[Opening DATA TO EXAMINE section]

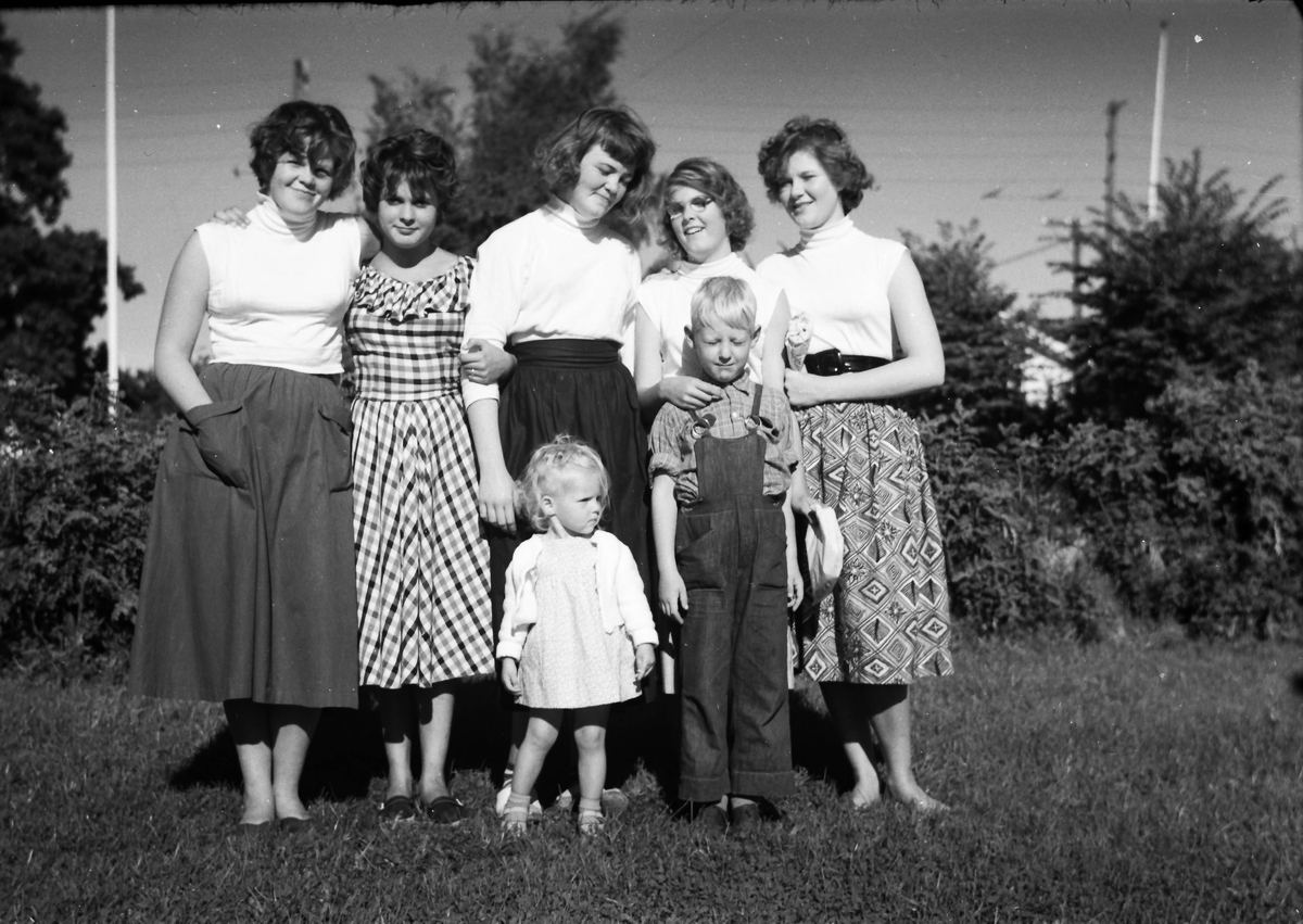 Fem tonårsflickor står sommarklädda men två mindre barn framför sig. Fr. v (ordningen inte helt säker): Ann-Margret Brinktell, Lissie Karlsson, Marianne Brinktell, Gunilla Johansson, Inga-Lena Johnsson. Ett av barnen kan vara Elis Brinktell.
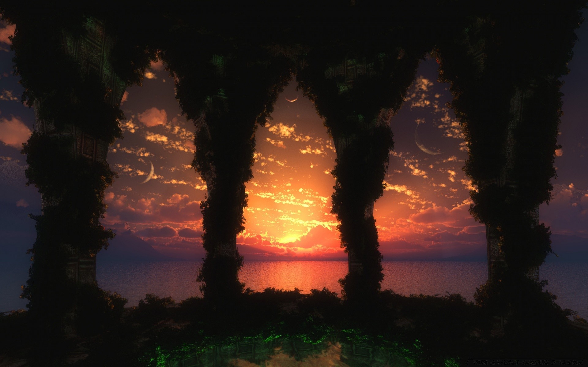 Piękny zachód Słońca w łuku nad morzem
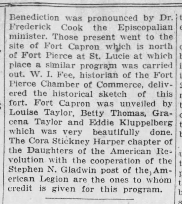 Benediction was prounounced by Dr. Frederick Cook the Episcopalian minister. Those present went to the site of Fort Capron which is north of Fort Pierce at St. Lucie at which place a similar program was carried out. W. I Fee, historian of the Fort Pierce Chamber of Commerce, delivered the historical sketch of this fort. Fort Capron was unveiled by Louise Taylor, Betty Thomas, Gracena Taylor and Eddie Kluppelberg which was very beautifully done. The Cora Stickney Harper chapter of the Daughters of the American Revolution with the cooperation of the Stephen N. Gladwin post of the American Legion are the ones to whom credit is given for this program.
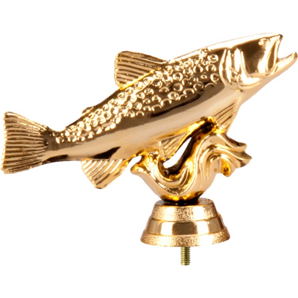 Фигурка пластиковая "Рыба". Цвет золото. Высота 6,5 см. Изображена рыба, с чешуей, верхними и нижними плавниками, хвостом, у рыбы открыт рот. Фигура рыбы расположена горизонтально, нижние плавники расположены на волне.¶Фигурка установлена на стеме в виде небольшого элемента конусообразной формы. Фигурку возможно закрепить на цоколь, постамент или кубок.
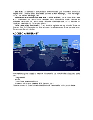 Internet se originó como una red de comunicación entre ordenadores llamada ARPAnet desarrollada por el gobierno de EE.UU. en la década de 1960, y ha crecido hasta convertirse en una red mundial que ofrece servicios como correo electrónico, videoconferencia, chats y descargas a más de 100 millones de usuarios en todo el mundo. Los usuarios pueden acceder a Internet a través de computadoras, módems, conexiones telefónicas y proveedores, y navegar entre páginas web utilizando navegadores.
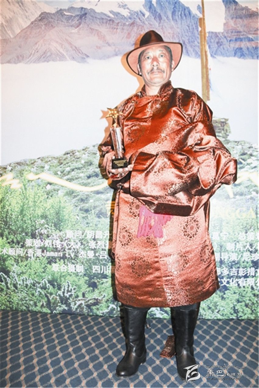 電影男一號(hào),曾獲得第35屆“金馬影帝”獎(jiǎng)的演員洛桑群培這幾天很是忙碌,正在拍攝其他電影的他,為了參加電影《貢嘎日噢》的首映式,還專(zhuān)門(mén)取消了電影拍攝檔期。說(shuō)起接拍電影《貢嘎日噢》,洛桑群培很是感嘆,他說(shuō):“這是一種緣分,是我和導(dǎo)演,和甘孜州的一種緣分。一次在和朋友的飯局上認(rèn)識(shí)了導(dǎo)演,他當(dāng)時(shí)拍著桌子說(shuō),他找了一年多,終于找到了電影的‘原型’,就這樣我接拍了這部電影。”出演這部電影,洛桑群培是本色出演,實(shí)實(shí)在在的用心演繹著“格勒”,他通過(guò)人物照片、劇情、劇景感受著“格勒”。能夠通過(guò)這部電影獲得美國(guó)第13屆世界民族電影節(jié)“最佳男演員”,洛桑群培表示很榮幸,也很自豪。
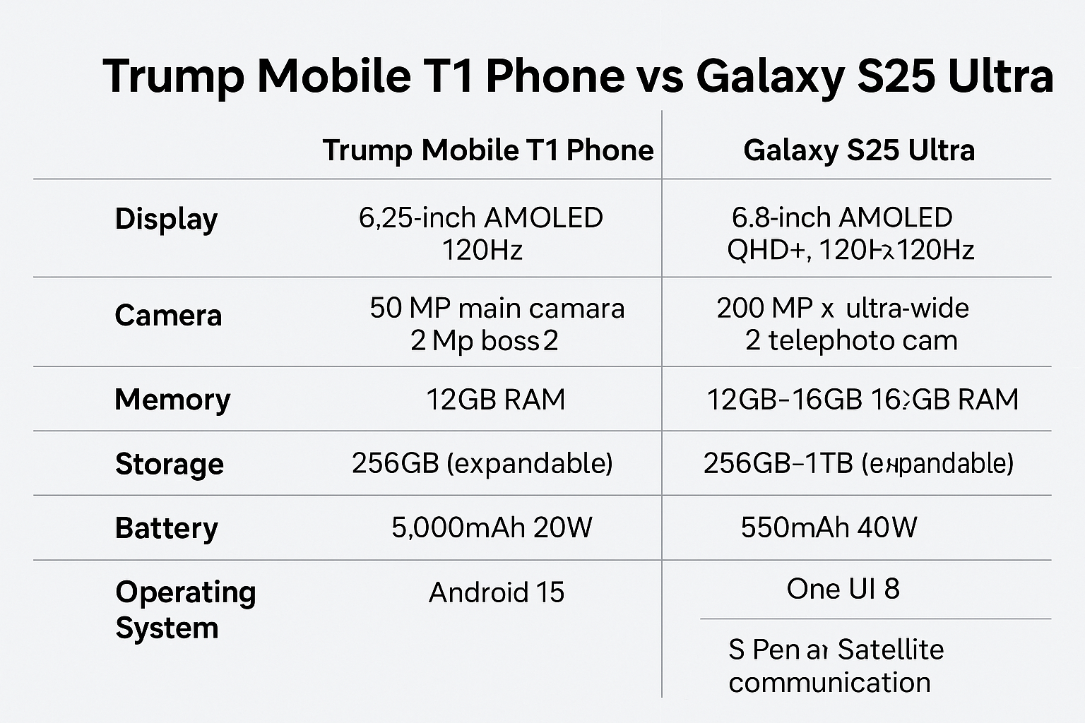 | 구분 | 트럼프 모바일 T1 폰 | 삼성 갤럭시 S25 울트라 |
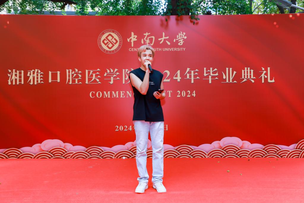 口腔医学(5+3)1902班的全铭轩在毕业生代表发言中,深情回顾了5年来的求学之路和校园生活难忘点滴,祝愿每一位毕业生在未来的人生旅途中,都能收获丰硕的成果,实现自己的理想!他号召大家肩负起更加重要的责任,“让我们成为维护人们口腔健康的守护者,让我们的手成为治愈疾病的神奇之手,让我们的知识成为传播健康理念的基石,为国家医疗卫生事业的发展贡献一份属于湘雅口腔的力量。”

[Closing DATA TO EXAMINE section]

Omit every picture while transcribing the records above exactly.

- TASK SOLUTION:
 Fem tonårsflickor står sommarklädda men två mindre barn framför sig. Fr. v (ordningen inte helt säker): Ann-Margret Brinktell, Lissie Karlsson, Marianne Brinktell, Gunilla Johansson, Inga-Lena Johnsson. Ett av barnen kan vara Elis Brinktell.
 Piękny zachód Słońca w łuku nad morzem
 Benediction was prounounced by Dr. Frederick Cook the Episcopalian minister. Those present went to the site of Fort Capron which is north of Fort Pierce at St. Lucie at which place a similar program was carried out. W. I Fee, historian of the Fort Pierce Chamber of Commerce, delivered the historical sketch of this fort. Fort Capron was unveiled by Louise Taylor, Betty Thomas, Gracena Taylor and Eddie Kluppelberg which was very beautifully done. The Cora Stickney Harper chapter of the Daughters of the American Revolution with the cooperation of the Stephen N. Gladwin post of the American Legion are the ones to whom credit is given for this program.
 Фигурка пластиковая "Рыба". Цвет золото. Высота 6,5 см. Изображена рыба, с чешуей, верхними и нижними плавниками, хвостом, у рыбы открыт рот. Фигура рыбы расположена горизонтально, нижние плавники расположены на волне.¶Фигурка установлена на стеме в виде небольшого элемента конусообразной формы. Фигурку возможно закрепить на цоколь, постамент или кубок.
 Internet se originó como una red de comunicación entre ordenadores llamada ARPAnet desarrollada por el gobierno de EE.UU. en la década de 1960, y ha crecido hasta convertirse en una red mundial que ofrece servicios como correo electrónico, videoconferencia, chats y descargas a más de 100 millones de usuarios en todo el mundo. Los usuarios pueden acceder a Internet a través de computadoras, módems, conexiones telefónicas y proveedores, y navegar entre páginas web utilizando navegadores.
 電影男一號(hào),曾獲得第35屆“金馬影帝”獎(jiǎng)的演員洛桑群培這幾天很是忙碌,正在拍攝其他電影的他,為了參加電影《貢嘎日噢》的首映式,還專(zhuān)門(mén)取消了電影拍攝檔期。說(shuō)起接拍電影《貢嘎日噢》,洛桑群培很是感嘆,他說(shuō):“這是一種緣分,是我和導(dǎo)演,和甘孜州的一種緣分。一次在和朋友的飯局上認(rèn)識(shí)了導(dǎo)演,他當(dāng)時(shí)拍著桌子說(shuō),他找了一年多,終于找到了電影的‘原型’,就這樣我接拍了這部電影。”出演這部電影,洛桑群培是本色出演,實(shí)實(shí)在在的用心演繹著“格勒”,他通過(guò)人物照片、劇情、劇景感受著“格勒”。能夠通過(guò)這部電影獲得美國(guó)第13屆世界民族電影節(jié)“最佳男演員”,洛桑群培表示很榮幸,也很自豪。
 | 구분 | 트럼프 모바일 T1 폰 | 삼성 갤럭시 S25 울트라 |
 口腔医学(5+3)1902班的全铭轩在毕业生代表发言中,深情回顾了5年来的求学之路和校园生活难忘点滴,祝愿每一位毕业生在未来的人生旅途中,都能收获丰硕的成果,实现自己的理想!他号召大家肩负起更加重要的责任,“让我们成为维护人们口腔健康的守护者,让我们的手成为治愈疾病的神奇之手,让我们的知识成为传播健康理念的基石,为国家医疗卫生事业的发展贡献一份属于湘雅口腔的力量。”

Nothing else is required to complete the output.